Quiet quitting has a polar opposite: The FatFIRE movement of people working hard to retire early on a ‘massive stash’

Joshua decided to take stock of his life around a year ago. He had just turned 33 and, after almost a decade of working six days a week at a startup that had reached a nine-figure valuation, he had squirreled away $2 million in liquid capital, $10 million in illiquid stock options, and a couple of real estate investments.

The bulk of his saving came from a recent equity sale of his startup, but Joshua has lived what he calls a "fairly modest life." He didn't buy new clothes, he put money into long-term investments whenever he could, and as he was working all the time, he took very few holidays and didn't have many hobbies.
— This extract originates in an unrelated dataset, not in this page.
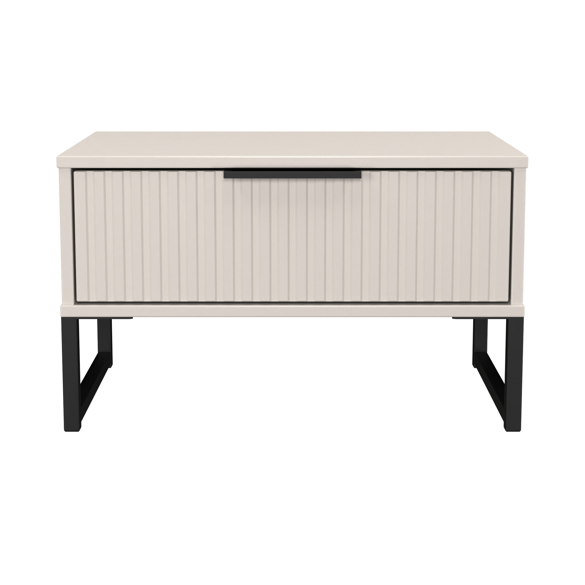 This single drawer bedside cabinet is wider than normal for added practicality. Perfect for any bedside or as a free standing storage unit. A new stand out range, with its new deep cut "fluted" grove patten of the drawer and door fronts. Featuring black metal handles and black sleigh legs. A striking and individual range that is perfect for the modern home. All our furniture is made to order in the United Kingdom, to the highest quality using responsibly sourced materials. It is delivered within 10 working days direct to your location of choice by one of our two man delivery teams, and comes fully assembled (although items with legs will have those legs removed during transit to avoid damage). Part of the Fluted Collection.
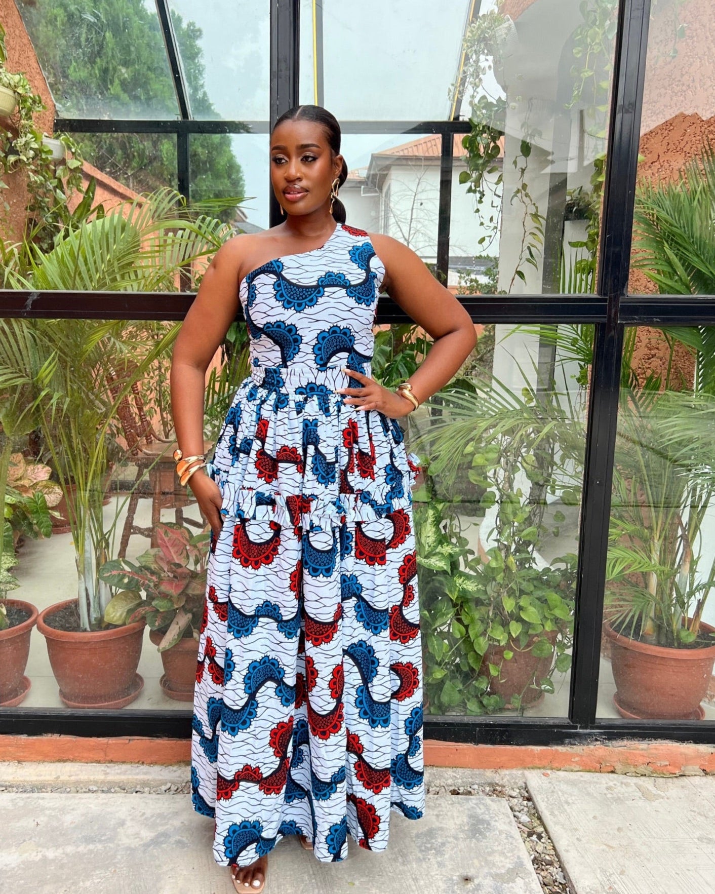 SARFOWAA ONE SHOULDER ANKARA PRINT MAXI DRESS

To build up the level of capital required to retire, Joshua had sacrificed a lot.

"I guess I am 33 and unmarried," he jokingly told Fortune. "But the biggest sacrifice is free time. There is no work-life balance. That's gone."

Once he realized he had made enough to never have to work again, Joshua decided it was time to retire. He had always dreamed of building a house in the country and living off his passive investments as he traveled the world. Who doesn't?

While retiring at 33 is uncommon in any part of the world, stopping young was always Joshua's ultimate goal. “Life is short, and allowing myself to live life to its fullest, to go with the flow and give space for it, to be free from the system, that has been my focus,” Joshua told Fortune.

Joshua, who did not wish to use his last name, is a believer in FatFIRE, which stands for Fat Financial Independence and Retirement Early.

While "quiet quitting" has dominated headlines and young workers flock to social media to vent their frustrations over the downsides of employment and capitalism, people like Joshua have instead turned to FatFIRING.

If quiet quitting is simply doing the minimum a job requires in a quest for a more equal work/life balance, FatFIRING advocates the opposite. It tells people to lean into work rather than lean out, and hustle as much as they can to achieve the same thing most workers want: freedom.

How does FatFIRE work?

The online forum subreddit r/fatFIRE is filled with people discussing investments, sharing tips, and telling stories of getting FatFIRED—the day when they retire in their 30s or 40s after having stockpiled millions of dollars in liquid and illiquid investments.

Described with the tagline “retire with a fat stash,” FatFIRErs try to retire with a budget that allows them to spend around $100,000 a year.

They often work at large tech companies, corporate law firms, or their own startups, earning millions over their career. They then invest their money in small businesses and properties that make good, reliable margins, in order to get to the point where working for money is never something to think about again.